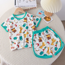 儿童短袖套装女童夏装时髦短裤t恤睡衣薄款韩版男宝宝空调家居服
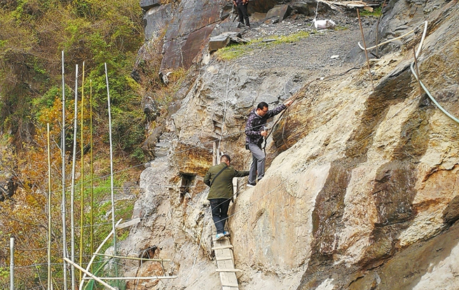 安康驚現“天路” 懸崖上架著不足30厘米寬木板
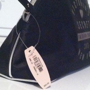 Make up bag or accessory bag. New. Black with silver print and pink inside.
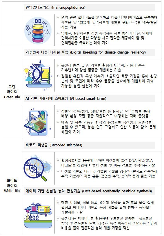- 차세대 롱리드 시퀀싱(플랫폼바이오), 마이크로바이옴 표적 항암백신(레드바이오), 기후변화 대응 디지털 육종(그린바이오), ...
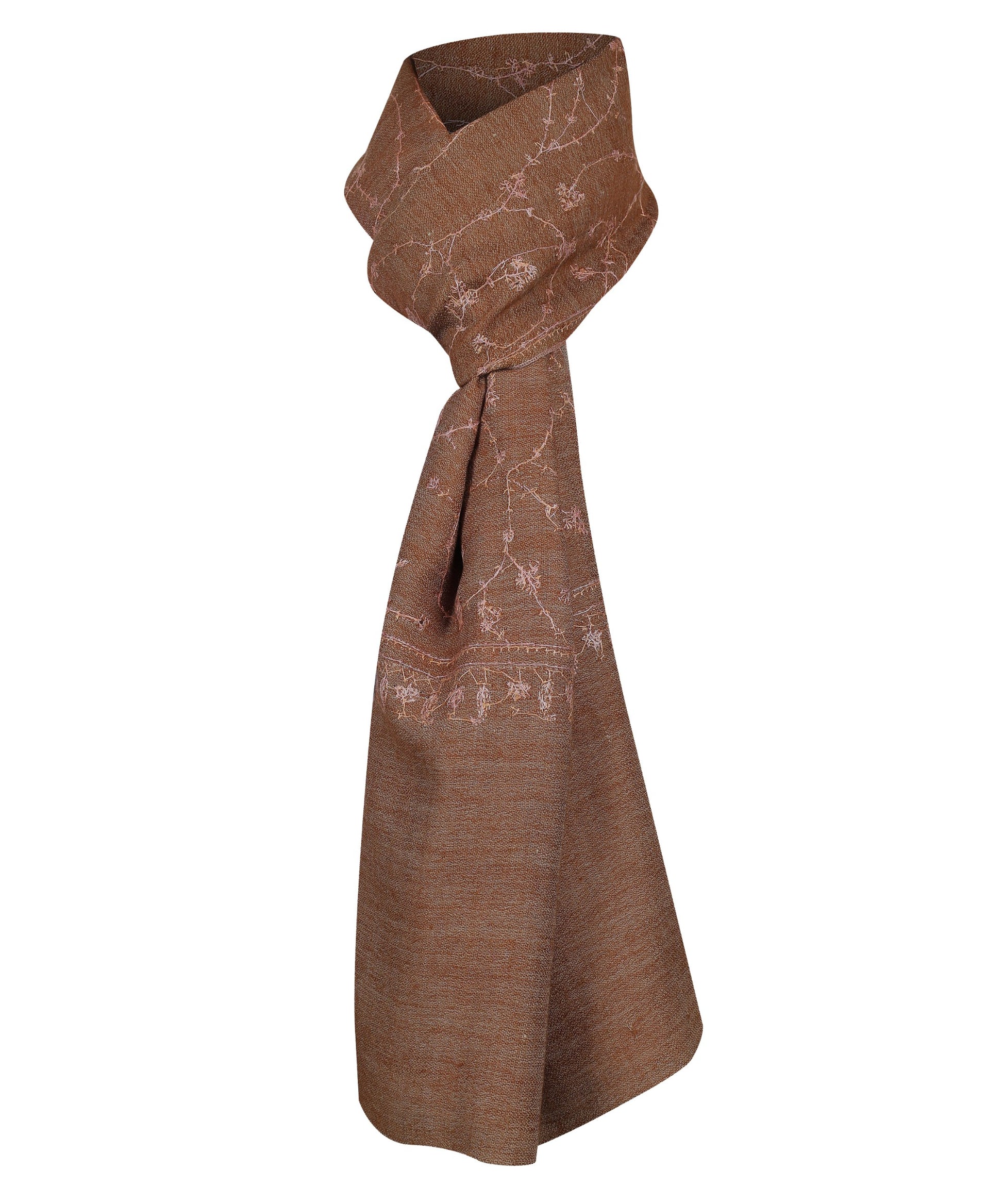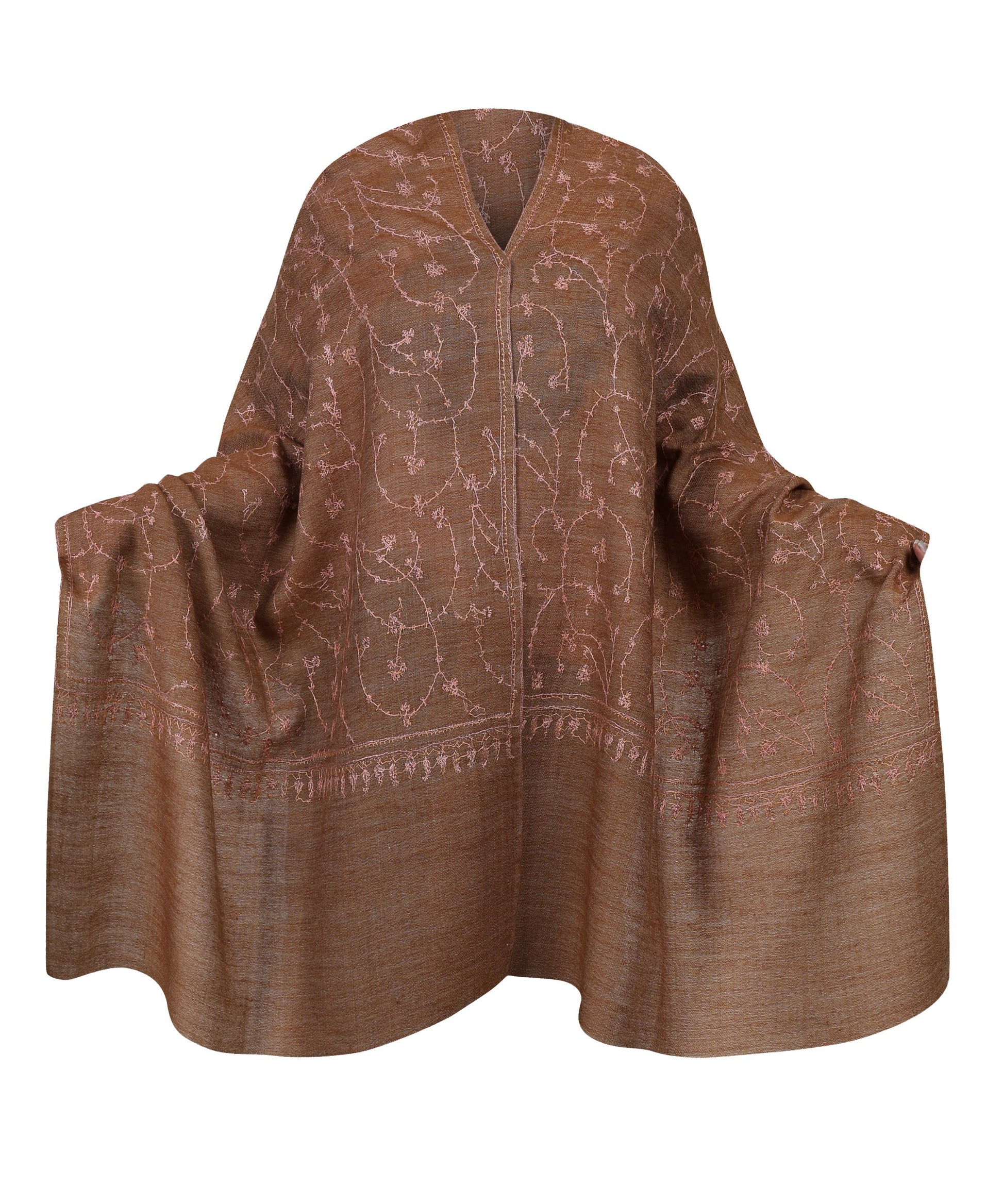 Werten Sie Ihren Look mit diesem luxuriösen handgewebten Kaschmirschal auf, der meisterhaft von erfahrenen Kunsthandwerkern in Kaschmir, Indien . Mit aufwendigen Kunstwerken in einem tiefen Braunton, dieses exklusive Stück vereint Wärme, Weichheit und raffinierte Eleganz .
##############################
Once the line with "Make up bag" is found above, print it and every line after it through the line with "- 차세대 롱리드 시퀀싱(플랫폼바이오), 마이크로바이옴", exactly. Pictures stay out.

REPLY:
 Make up bag or accessory bag. New. Black with silver print and pink inside.
- 차세대 롱리드 시퀀싱(플랫폼바이오), 마이크로바이옴 표적 항암백신(레드바이오), 기후변화 대응 디지털 육종(그린바이오), ...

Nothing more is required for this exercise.